Di Aleksander Kušner il linguista Dmitrij Lichaciov ha detto: “Kušner è il poeta della vita in tutte le sue manifestazioni. E’ questo uno dei tratti più salienti della sua poesia”. Secondo il critico e storico della letteratura Lidija Ginsburg, nei suoi versi si realizza il “connubio tra l’esaltazione della vita e la sua tragicità”. Il critico letterario e scrittore Andrej Ar’ev ha scritto: “Nel XX secolo quanti sono stati definiti “l’ultimo”: “l’ultimo della campagna”, “l’ultimo pietroburghese”, “l’ultimo disperato”, “l’ultimo romantico”, “l’ultimo metafisico”. A questo, soltanto Kušner ha sorriso e ha fatto un gesto di noncuranza con la mano, dicendo: “Ogni poeta è l’ultimo. Salvo poi scoprire all’improvviso che è il penultimo”.

Quando nel 2013 uscì la sua raccolta Luce serale, il poeta la commentò così: “E’ un libro di nuove poesie che costituiscono un certo rabesco, si tengono per mano, trovano per sé il necessario vicino. Necessario per una qualche affinità interiore o, al contrario, a causa di un chiaro contrasto. Inoltre in un libro di versi, in questa cooperazione c’è una non premeditata comunanza: in essi si trovano quei pensieri, sentimenti, osservazioni della mente e percezioni del cuore di cui sei vissuto. E si può dire anche: in essi sono fissati i momenti non soltanto felici, ma anche quelli tristi, di malumore. Ma chi li scrive, nel processo di creazione della poesia, si libera dall’angoscia, vince le tenebre. E questa energia, questo impeto di liberazione dal “peso gravoso”, forse sarà utile al lettore.

In più di cinquanta anni ho scritto molti libri. Il primo – Prima impressione uscì nel 1962. Questo è diciottesimo. Forse è un po’ troppo? Oggi si usa limitare la quantità. Un poeta ha stampato due poesie in un anno e la critica lo elogia, lo elogia, io penso, perché leggere due poesie è più facile e si fatica meno che a leggerne dieci. Leggere le poesie è difficile e inoltre manca il tempo. Ma Puškin ha scritto molto. In trentasette anni ha creato tanto, quanto noi a quell’età neanche ce lo sognavamo!

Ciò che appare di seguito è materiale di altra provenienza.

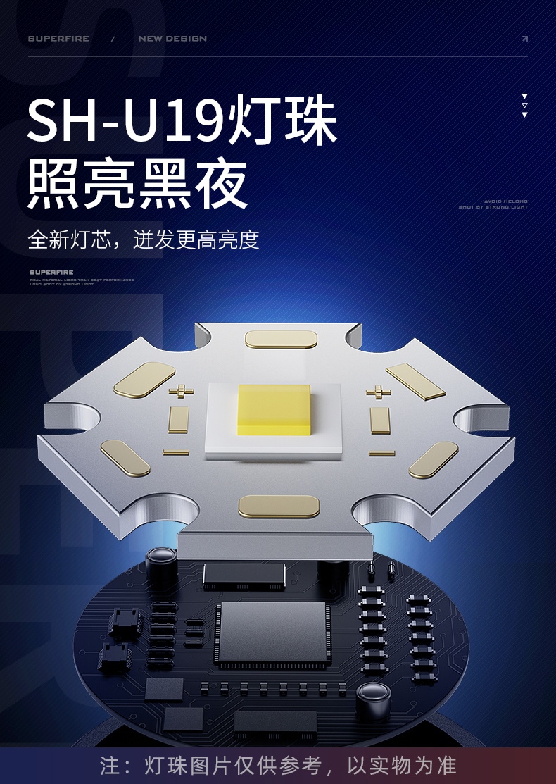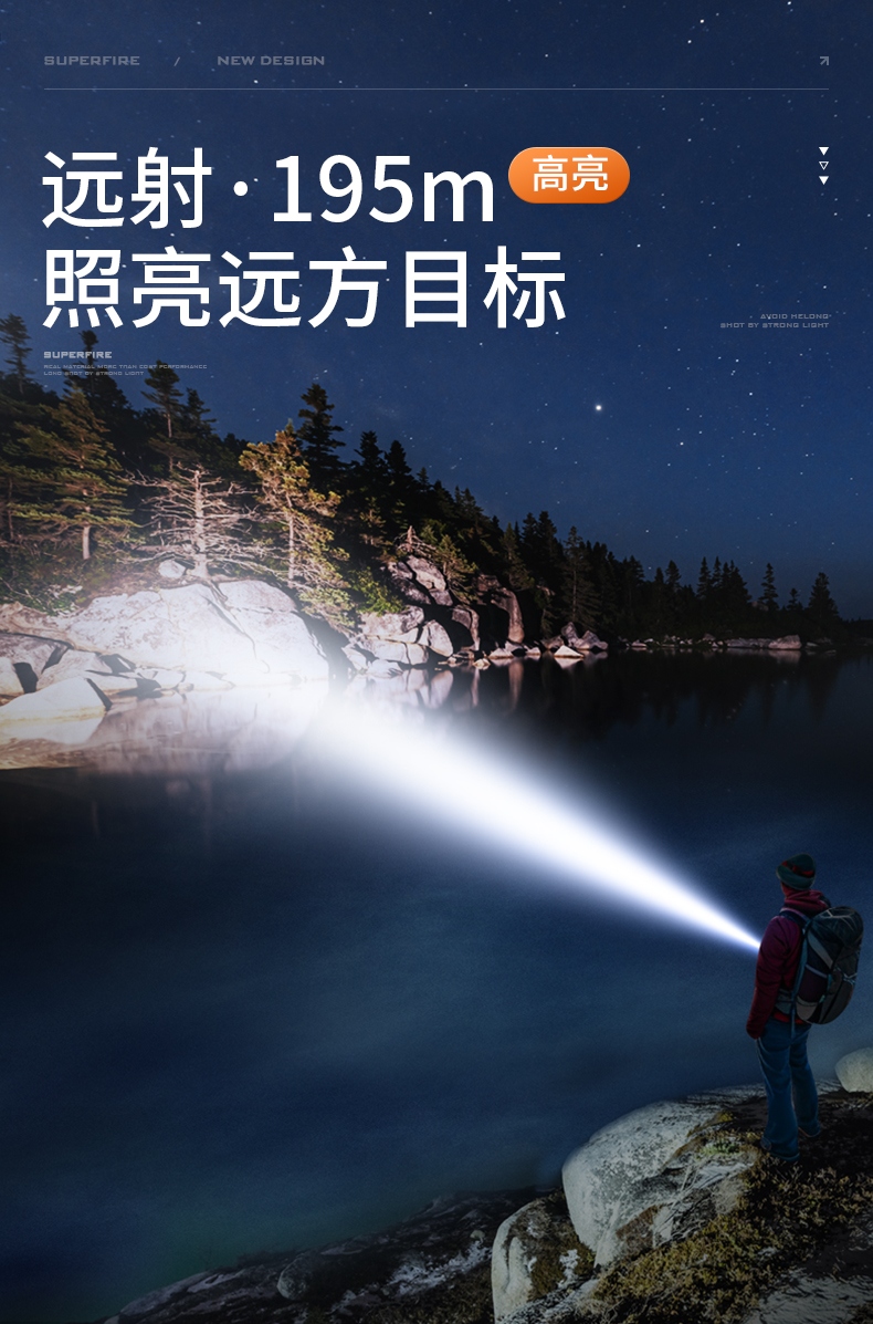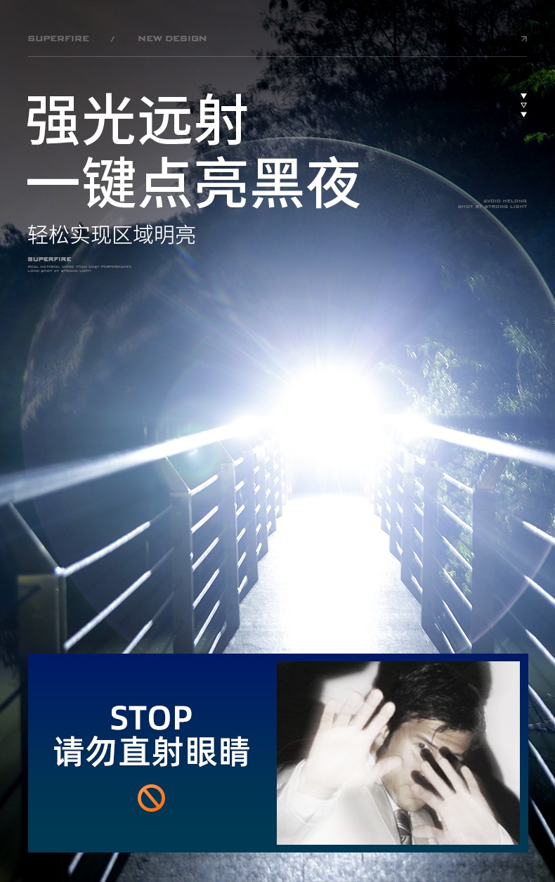 1、千米远射,射程更远,光斑更聚焦。 2、进口灯珠,亮度高,照明效果更好。 3、前后双按键,光源一键点亮,高亮瞬间开启。
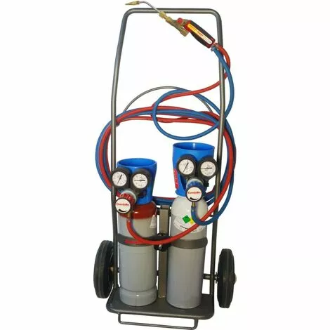 Ce poste de soudage comprend: fChalumeau AutoFlam SI 500 Ă SĂ©curitĂ© IntĂ©grĂ©e. f Ensemble de 5 becs de 100 Ă 400 l/h oxyacĂ©tylĂ©nique. f DĂ©tendeurs industriels TYPHOON oxygène et acĂ©tylène. f Chariot de roulage compact et robuste pour bouteilles B2,5. f Bouteille 0,5 mÂł oxygène Air Liquide – B2,5. f Bouteille 0,42 mÂł acĂ©tylène Air Liquide – B2,5. f Tuyau AD 6,3 x 11 (2,5 mètres). f Tuyau OX 6,3 x 11 (2,5 mètres)
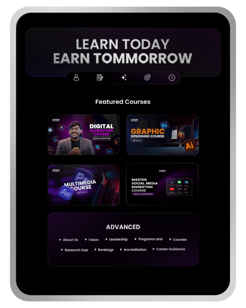 Adsin The Learning Hub is one of Kerala’s fastest-growing digital learning platforms and the best digital marketing institute in Calicut, dedicated to helping students and professionals build real, industry-ready skills. At Adsin, we believe that education should be practical, updated, and aligned with the latest market trends—especially in high-growth fields like digital marketing, graphic design, multimedia, web development, and AI-powered skills.
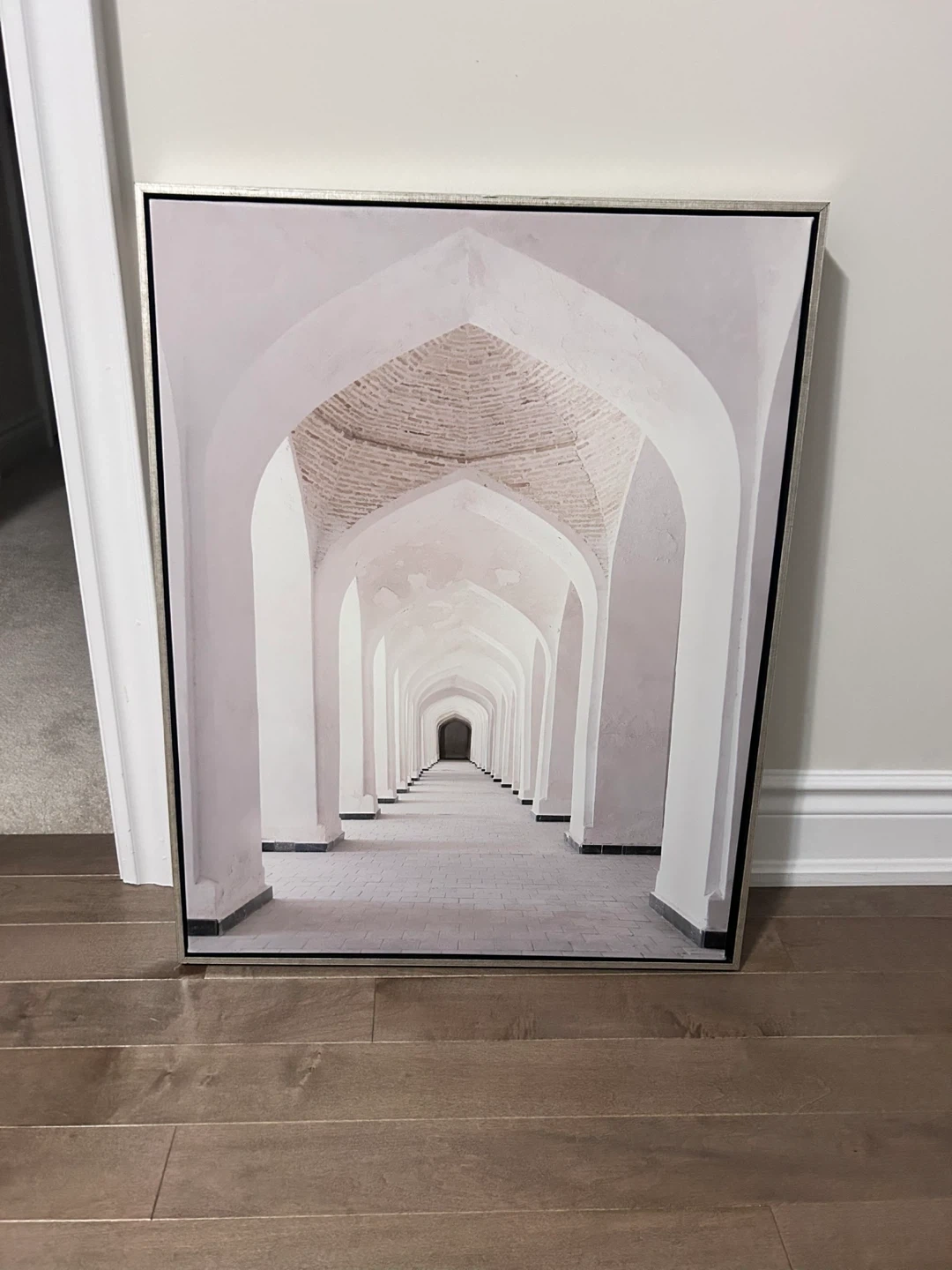 24This is a framed canvas of the interior of the Kalon Mosque in Bukhara, Uzbekistan. 22W x 27.5H x 2D

E Lermontov, e Blok…Bisogna prendere esempio da loro. Ed ecco ancora cosa è venuto alla luce con gli anni: l’età non è un ostacolo alla creazione di versi. Forse essa aiuta perfino a scriverli, non come in gioventù, ma in modo diverso. Migliori, peggiori – non sta a me giudicare. Il poeta non va in pensione…I versi aiutano a resistere al male della vita e alle sue miserie, i versi ci consolano, restituiscono il desiderio di vivere, “per ragionare e soffrire”.

 

Poesie di Aleksandr Kušner tradotte da Paolo Statuti

 

Là dove sul fondo c’è una chiocciola…

 

Là dove sul fondo c’è una chiocciola

Come tromba d’orchestra,

Dove i chiozzi guizzano veloci

E li aspetta una tragica sorte

 

Nelle fauci dell’implacabile luccio, –

Là le soavi ninfe dimorano,

E ci tendono le mani

E ci chiamano con fievole voce.

 

Esse hanno alcune sottospecie:

Nei ruscelli appaiono le naiadi,

Nel folto dei boschi le driadi,

E nell’azzurro mare le nereidi.

 

Confoderle è sconveniente,

Com’è per il ranuncolo d’acqua,

Quello africano, quello non comune,

E quello velenoso dei prati.

 

La saccenteria non è una cosa oziosa!

Poeta, non risparmiare gli sforzi,

Non trascurare il tuo podere

E sii minuzioso, come Linneo.

 

Sorveglio le nuvole notturne dietro la finestra…

 

Sorveglio le nuvole notturne dietro la finestra,

Scostata la pesante tenda.

Ero felice – e temevo la morte. La temo

Anche adesso, ma non come allora.

 

Morire – significa stormire al vento

Insieme con l’acero, che guarda triste.

Morire – significa entrare alla corte

Di Riccardo o di Arturo.

 

Morire – è schiacciare la noce più dura,

Apprendere tutte le cause e i motivi.

Morire – è diventare contemporaneo di tutti,

Tranne di quelli che sono ancora vivi.

 

E’ una canzone di Schubert…

 

E’ una canzone di Schubert, hai detto.

Io la cantavo sempre, non sapendo di chi fosse.

Con essa, sembra, si può iniziare da capo

La vita, già molto simile a un prodigio!

 

Qualcosa come un usignolo e un triste suono

In un boschetto tedesco – e un suono triste.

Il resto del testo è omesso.